------ RECORDED INFORMATION ------

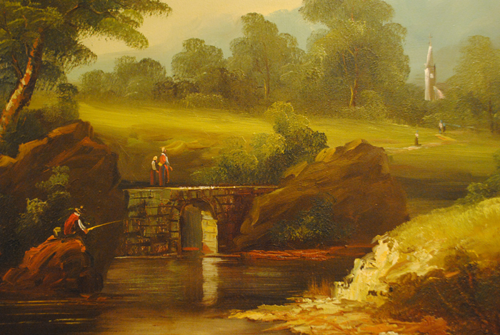 Image of a fisherman beneath a bridge. 2 people walking across the bridge, and a church off to the right of the painting.
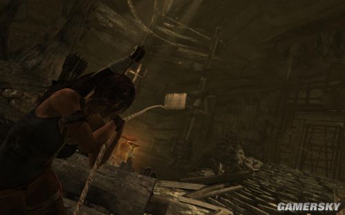 掉下来以后路前行即可,拿到箭矢以后用火箭点燃天然气炸开前路。
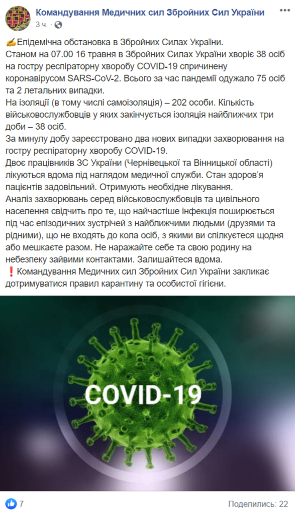 В ВСУ коронавирусом заболели еще двое человек. Всего в армии болеют 38 военных. Фото: facebook.com/Ukrmilitarymedic
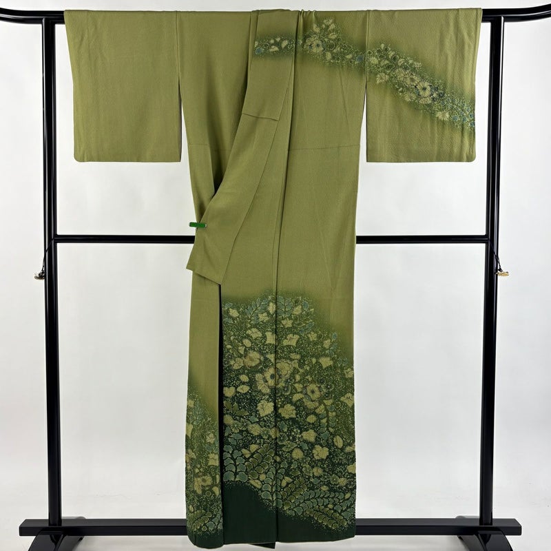 【訪問着】 緑系 鶯色 逸品 A 約150cm~約159cm 裄丈63cm-64cm (S)size 袖丈46cm以下 30000- 美品 五万以上

------

EXERCISE GOAL
Only an exact copy is wanted: the lines from the opening of the material through the line that has "掉下来以后路前行即可,拿到箭矢以后用火箭点燃天然气炸开前路。", minus any pictures.

RESPONSE BOX
 Image of a fisherman beneath a bridge. 2 people walking across the bridge, and a church off to the right of the painting.
 掉下来以后路前行即可,拿到箭矢以后用火箭点燃天然气炸开前路。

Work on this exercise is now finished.